This is optional capability. The candidate configuration is a full configuration data set that serves as a work place for creating and manipulating configuration data. Additions, deletions, and changes can be made to this data to construct the desired configuration data.

capability

urn:ietf:params:netconf:capability:candidate:1.0

A commit operation MAY be performed at any time that causes the device's running configuration to be set to the value of the candidate configuration.

datastore


4. Netconf Basic operations

The NETCONF protocol provides a small set of low-level operations to manage device configurations and retrieve device state information. The base protocol provides operations to retrieve, configure, copy, and delete configuration datastores.

Additional operations are provided, based on the capabilities advertised by the device(such as initialize the device etc).

  • get
  • get-config
  • lock
  • edit-config
  • unlock
  • close-session
  • kill-session
  • copy-config
  • delete-config

get

Retrieve running configuration and device state information.

filter: This parameter specifies the portion of the system configuration and state data to retrieve.

<rpc xmlns="urn:ietf:params:xml:ns:netconf:base:1.0" message-id="101">
<get>
</get>
</rpc>

get-config

Retrieve all or part of a specified configuration datastore.

source: Name of the configuration datastore being queried, such as running.

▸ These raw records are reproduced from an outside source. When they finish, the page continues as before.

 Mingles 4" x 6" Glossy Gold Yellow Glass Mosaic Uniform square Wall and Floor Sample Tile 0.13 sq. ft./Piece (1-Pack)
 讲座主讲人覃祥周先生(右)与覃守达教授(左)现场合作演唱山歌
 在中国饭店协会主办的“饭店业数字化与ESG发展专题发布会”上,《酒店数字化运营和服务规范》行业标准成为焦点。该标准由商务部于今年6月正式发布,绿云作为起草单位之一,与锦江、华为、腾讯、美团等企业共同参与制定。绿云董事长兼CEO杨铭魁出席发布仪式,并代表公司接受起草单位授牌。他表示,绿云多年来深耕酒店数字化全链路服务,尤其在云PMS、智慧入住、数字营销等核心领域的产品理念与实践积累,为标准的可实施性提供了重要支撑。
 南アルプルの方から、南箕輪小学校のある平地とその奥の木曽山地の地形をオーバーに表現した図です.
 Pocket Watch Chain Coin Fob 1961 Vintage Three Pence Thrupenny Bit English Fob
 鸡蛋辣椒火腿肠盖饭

filter: optional.we can specify the filter for the response.

<rpc xmlns="urn:ietf:params:xml:ns:netconf:base:1.0" message-id="1">
<get-config>
<source>
<running/>
</source>
</get-config>
</rpc>

lock

The lock operation allows the client to lock the entire configuration datastore system of a device. Such locks are intended to be short-lived and allow a client to make a change without fear of interaction with other NETCONF clients, non-NETCONF clients (e.g., SNMP and command line interface (CLI) scripts), and human users.

<rpc message-id="101"
xmlns="urn:ietf:params:xml:ns:netconf:base:1.0">
<lock>
<target>
<running/>
</target>
</lock>
</rpc>

edit-config

The edit-config operation updates the specified configuration to the specified target configuration datastore. In simplet term, configuring the device.

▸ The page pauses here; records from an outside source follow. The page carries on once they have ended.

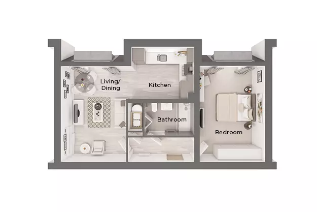 This apartment includes one large double bedroom and a modern bathroom with a large shower. As part of the exclusive Sanctuary Court community, residents benefit from a wealth of amenities, including The Clubhouse, with a private gym and spa, all supported by a 24-hour personal callout system for complete peace of mind.
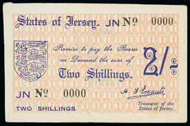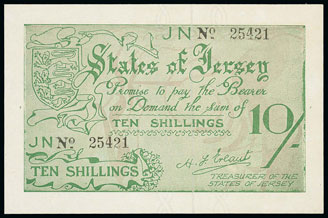 This section also included Jersey wartime issues including this H.F Ereaut 1941 (Jun) 2 shilling note with serial number JN0000which sold for £519.
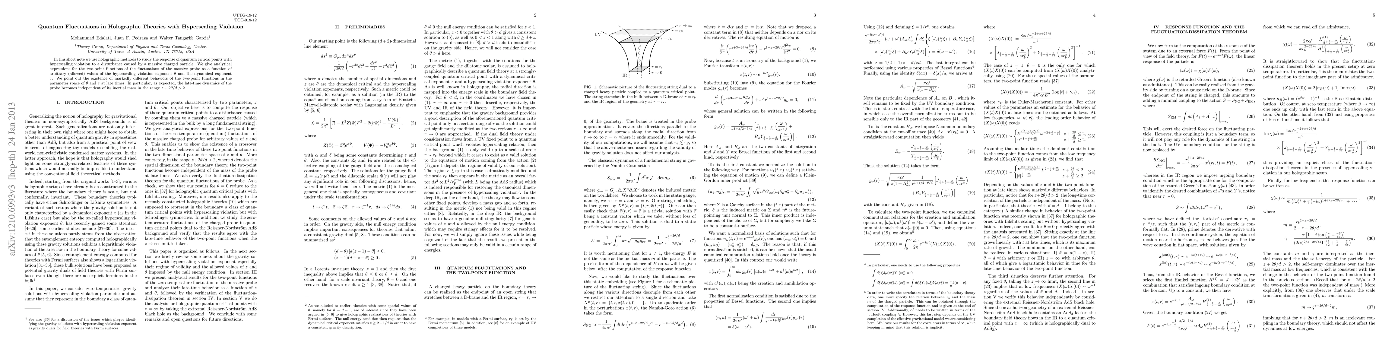 This paper employs holographic methods to analyze the response of quantum critical points with hyperscaling violation to disturbances from massive charged particles, providing analytical expressions for the fluctuations' two-point functions. It highlights distinct behaviors in the parameter space of hyperscaling violation and dynamical exponents, particularly noting that late-time dynamics become mass-independent under certain conditions.
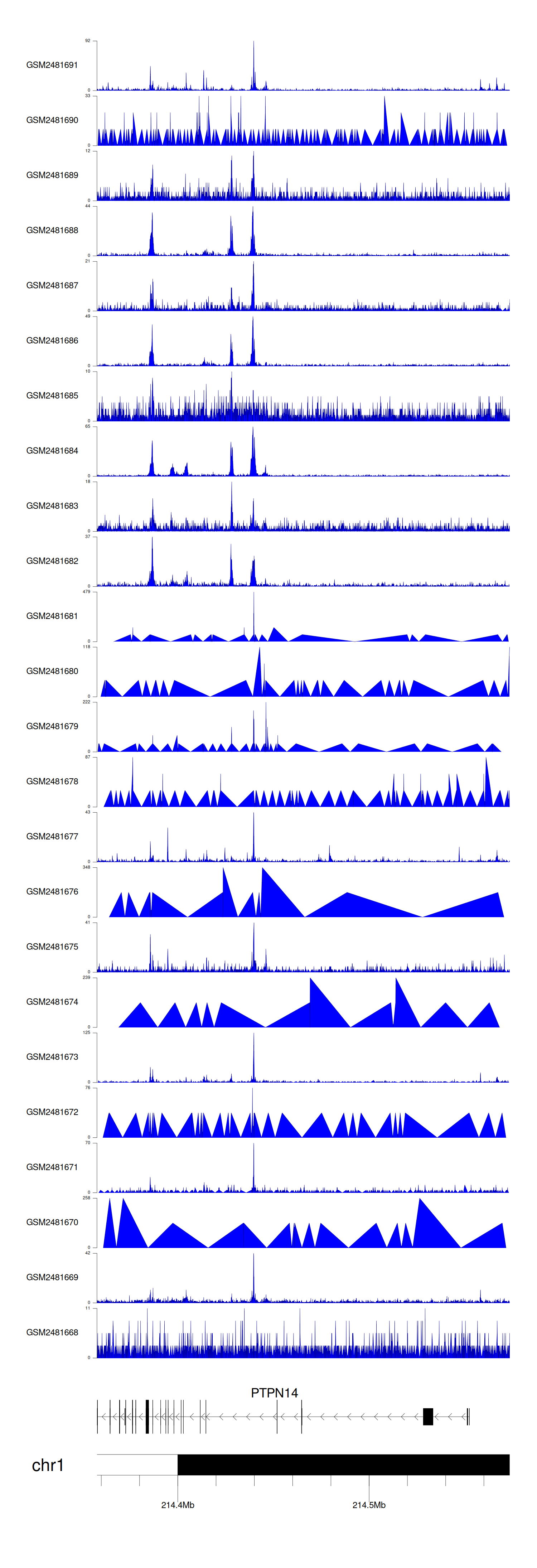 > Dataset: GSE94732 - PTPN14 peak across samples
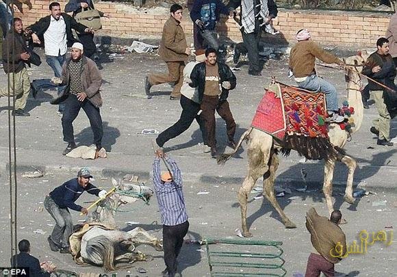 مبارك يهاجم المتظاهرين بالخيول والجمال
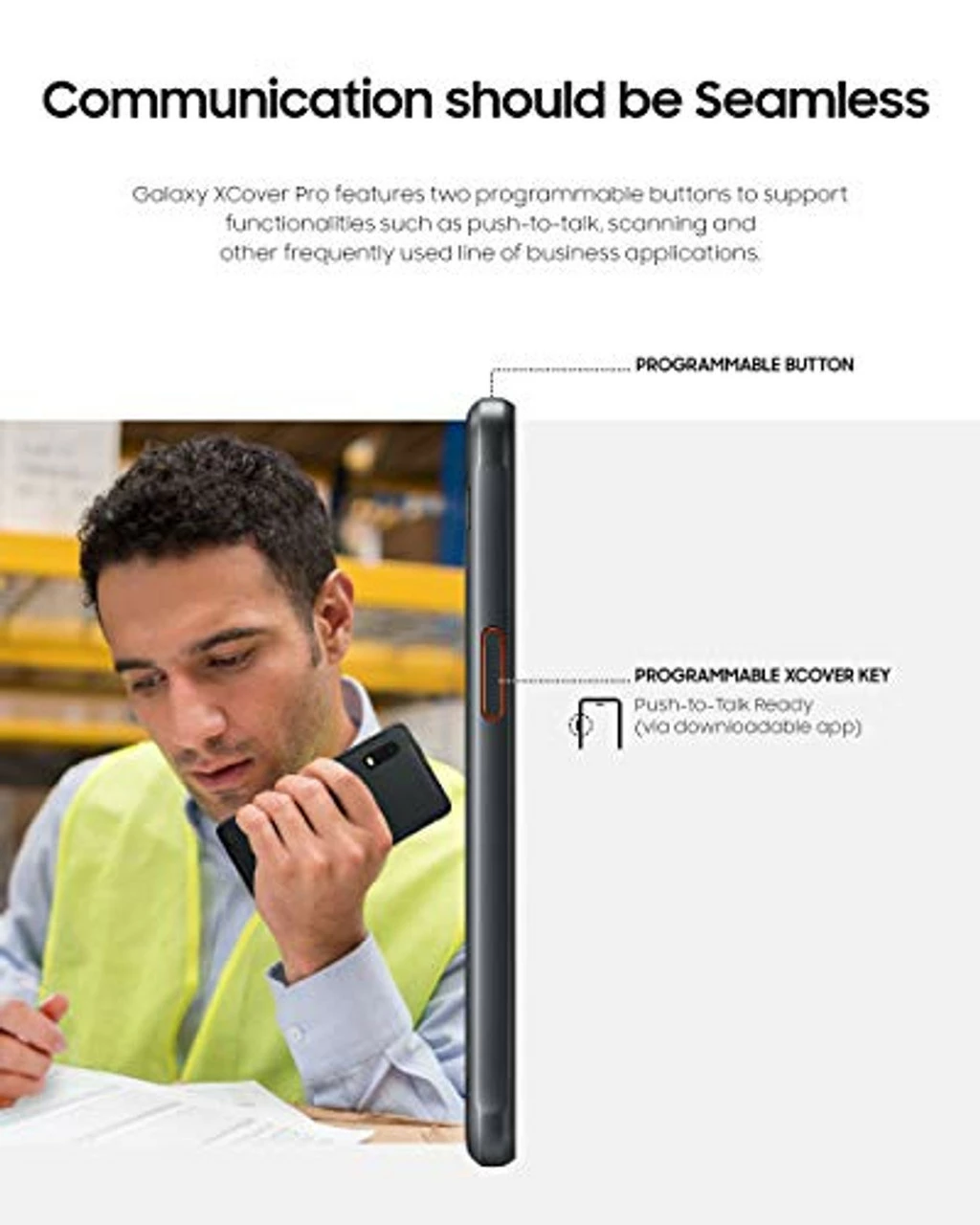 Galaxy XCover Pro features two programmable buttons to support functionalities such as push-to-talk, scanning and other frequently used line of business applications.

-target: Name of the configuration data store -default-operation: optional. merge(default),replace,none -test-option: optional. test-only, set, test-then-set -error-option: optional. stop-on-error, continue-on-error, rollback-on-error -config: A hierarchy of configuration data

<rpc message-id="101"
xmlns="urn:ietf:params:xml:ns:netconf:base:1.0">
<edit-config>
<target>
<running/>
</target>
<config>
<top xmlns="http://example.com/schema/1.2/config">
<interface>
<name>Ethernet0/0</name>
<mtu>1500</mtu>
</interface>
</top>
</config>
</edit-config>
</rpc>

unlock

Description: The unlock operation is used to release a configuration lock, previously obtained with the lock operation.

<rpc message-id="101"
xmlns="urn:ietf:params:xml:ns:netconf:base:1.0">
<unlock>
<target>
<running/>
</target>
</unlock>
</rpc>

close-session

Request graceful termination of a NETCONF session.

The server will release any locks and resources associated with the session and gracefully close any associated connection

<rpc message-id="101"
xmlns="urn:ietf:params:xml:ns:netconf:base:1.0">
<close-session/>
</rpc>

kill-session

Description: Force the termination of a NETCONF session.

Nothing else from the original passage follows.